How to properly combine functions from based and derived class to avoid warnings?

Question

This question is similar to this, but more complex.

there are interfaces and classes:

class B
{
public:
virtual string getName( int index )
    { return names.size() < index ? names[ index ] : string(); };

protected:
    vector<string> names;
};

template< typename T >
class A : public T
{
public:
    string getName( void ) // warning here
      { return name; };

protected:
    string name;
};

int main(int argc, const char * argv[])
{
    A<B> test;
}

As you see i can't to use using T::getName in A because T may not have the getName() method.

How I can to suppress warning:

'A<B>::getName' hides overloaded virtual function

in this case?

Answer 1

The compiler issued a warning, not an error. Your code is technically correct C++, and the compiler has no problem understanding it, and building it. It is, however, suspect, which is why the compiler warns you that you might be doing something you didn't really mean to do.

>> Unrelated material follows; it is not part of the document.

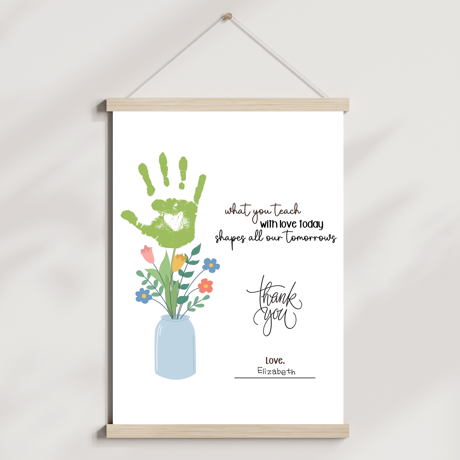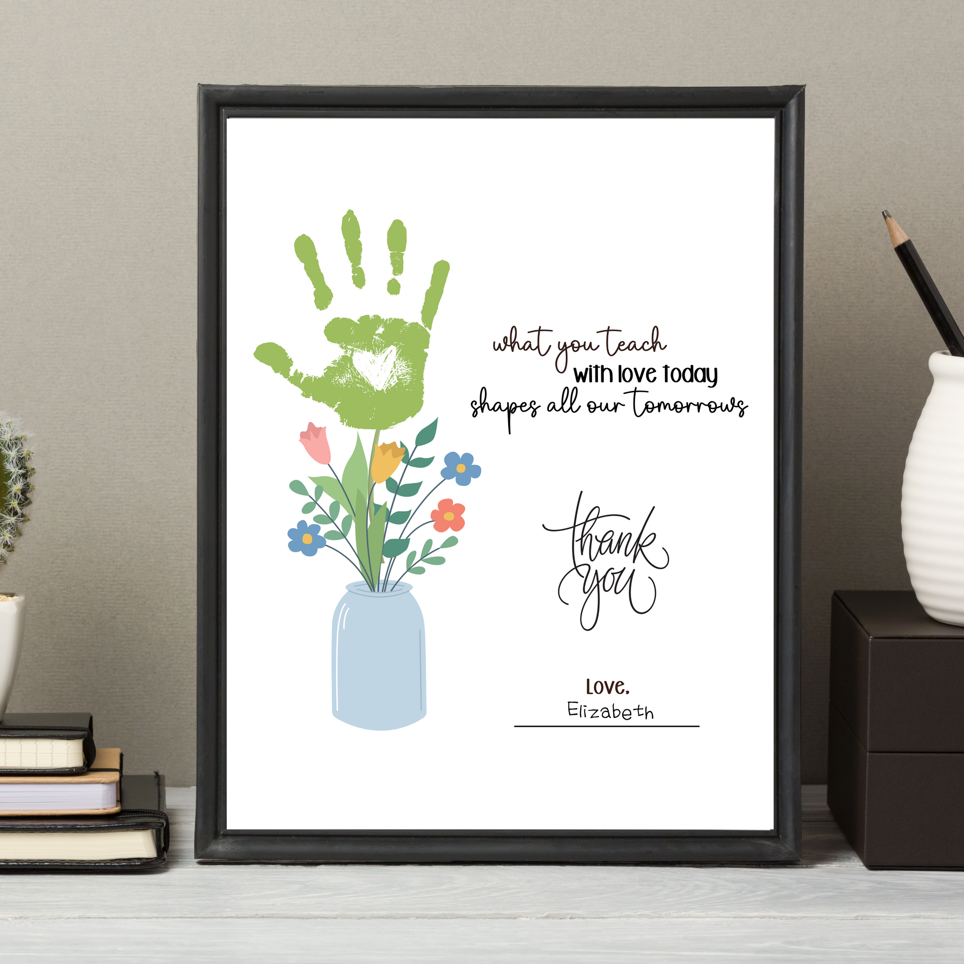 Teacher Appreciation Handprint Craft Kids Printable, DIY Gift Keepsake Flower Art

The issue is explained here

You inherit a function with this signature:

string getName( int index )

But you declare a function by the same name, with a different signature:

string getName( void )

This means that you lose access to the function you have inherited. It cannot be invoked from A<T>. If you tried to invoke test.getName (4); you will get an error, because class A<T> no longer recognized the function getName() with that signature. It has been hidden (as the compiler warned).